In the records below, the lines between the one holding "Na spotkanie w" and the one holding "where denotes the", inclusive, are to be transcribed exactly; no pictures are to be included.

==== Supplied records

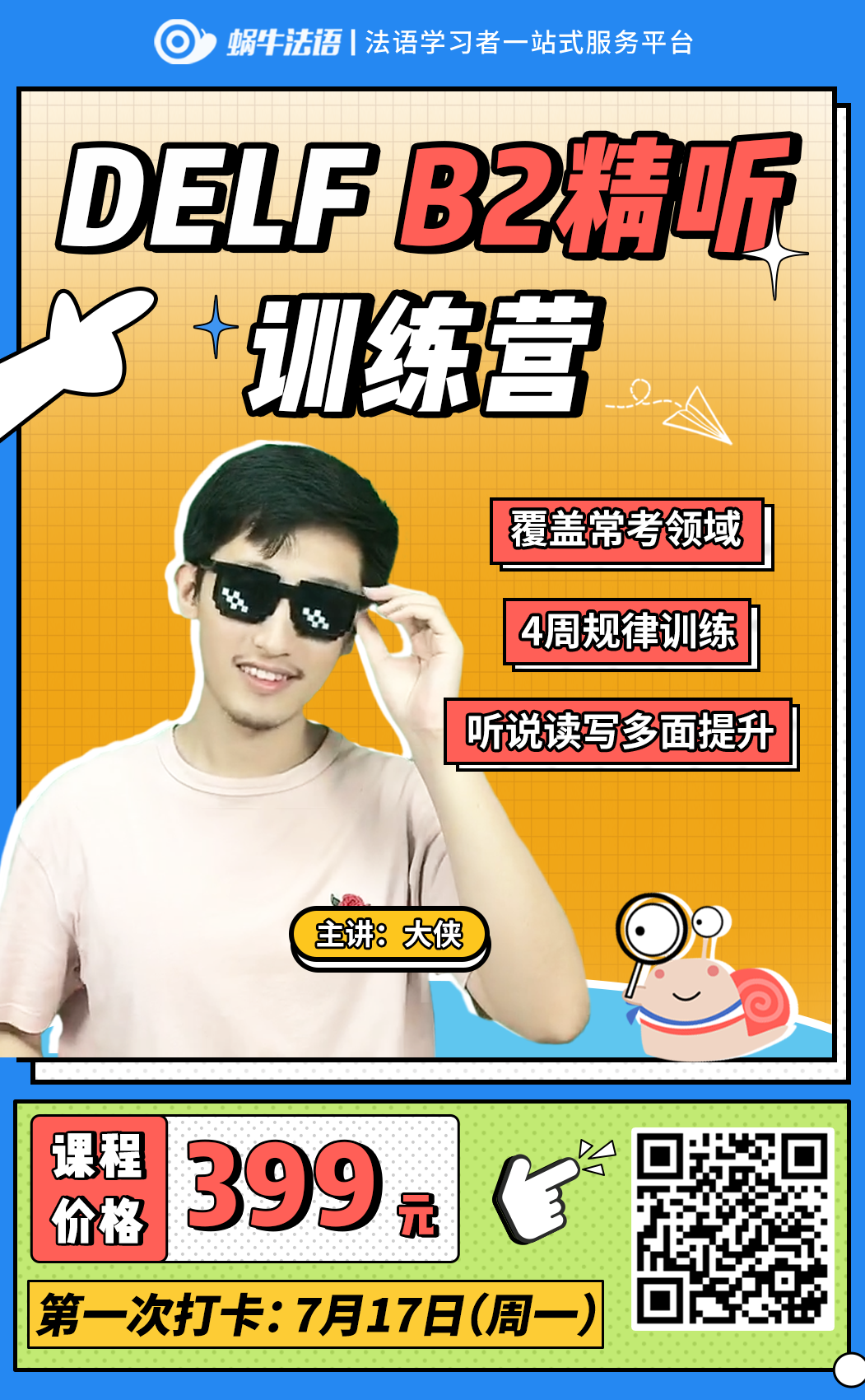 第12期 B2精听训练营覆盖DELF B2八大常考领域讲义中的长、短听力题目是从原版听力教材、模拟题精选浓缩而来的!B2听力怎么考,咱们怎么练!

========
==== Supplied records

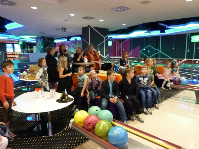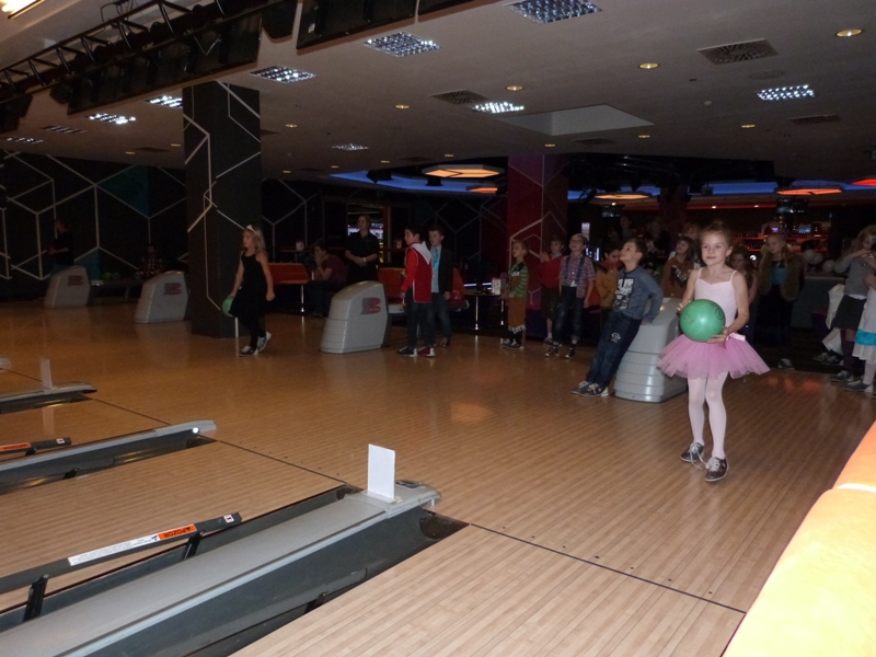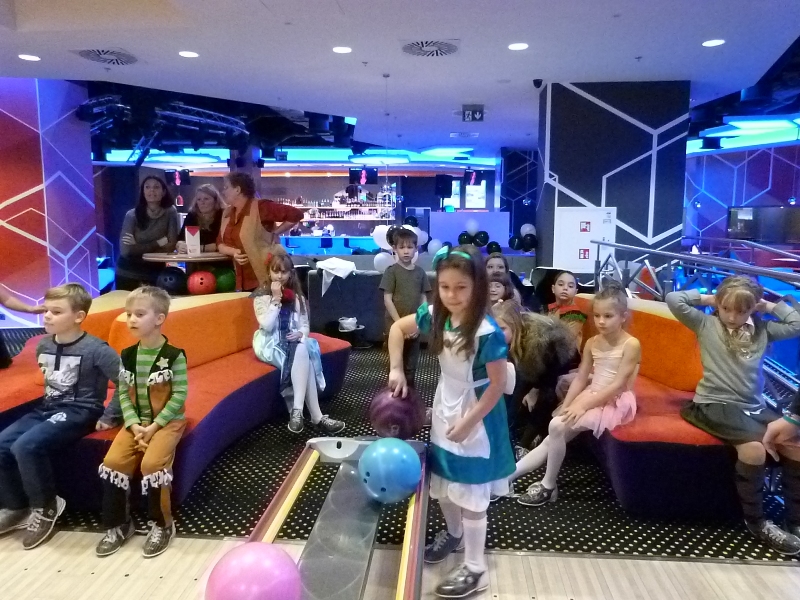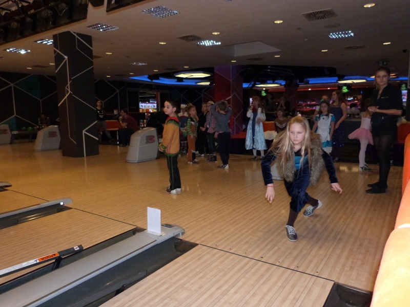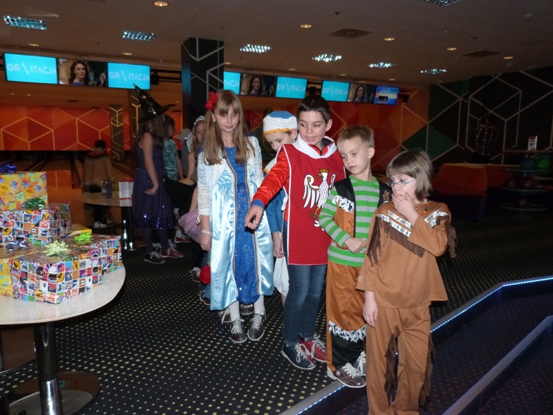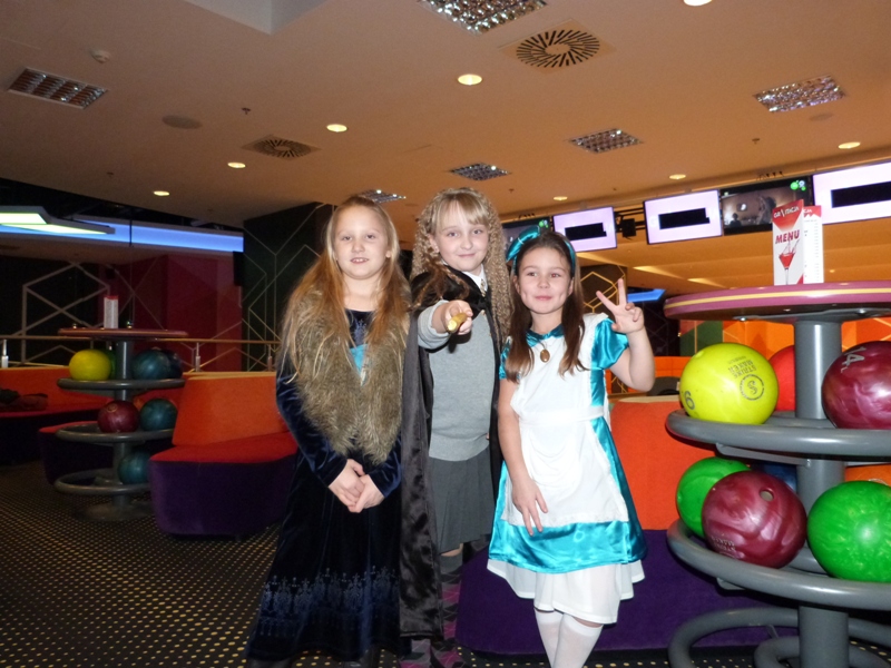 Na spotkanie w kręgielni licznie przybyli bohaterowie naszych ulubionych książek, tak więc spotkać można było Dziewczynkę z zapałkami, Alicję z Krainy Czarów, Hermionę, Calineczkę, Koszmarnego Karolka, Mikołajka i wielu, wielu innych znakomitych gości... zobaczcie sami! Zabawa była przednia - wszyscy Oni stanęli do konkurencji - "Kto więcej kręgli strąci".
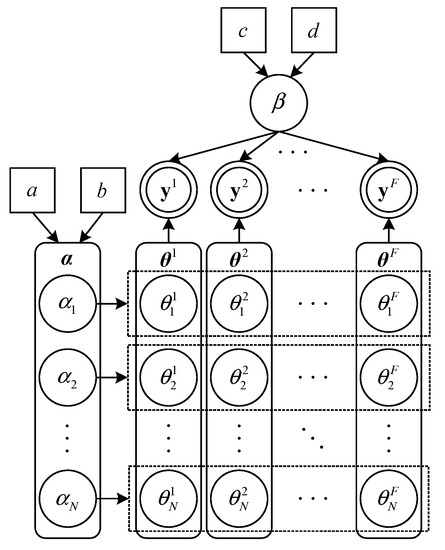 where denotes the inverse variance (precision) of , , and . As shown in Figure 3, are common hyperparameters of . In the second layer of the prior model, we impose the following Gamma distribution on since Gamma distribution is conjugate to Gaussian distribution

========

### [Response]
 Na spotkanie w kręgielni licznie przybyli bohaterowie naszych ulubionych książek, tak więc spotkać można było Dziewczynkę z zapałkami, Alicję z Krainy Czarów, Hermionę, Calineczkę, Koszmarnego Karolka, Mikołajka i wielu, wielu innych znakomitych gości... zobaczcie sami! Zabawa była przednia - wszyscy Oni stanęli do konkurencji - "Kto więcej kręgli strąci".
 where denotes the inverse variance (precision) of , , and . As shown in Figure 3, are common hyperparameters of . In the second layer of the prior model, we impose the following Gamma distribution on since Gamma distribution is conjugate to Gaussian distribution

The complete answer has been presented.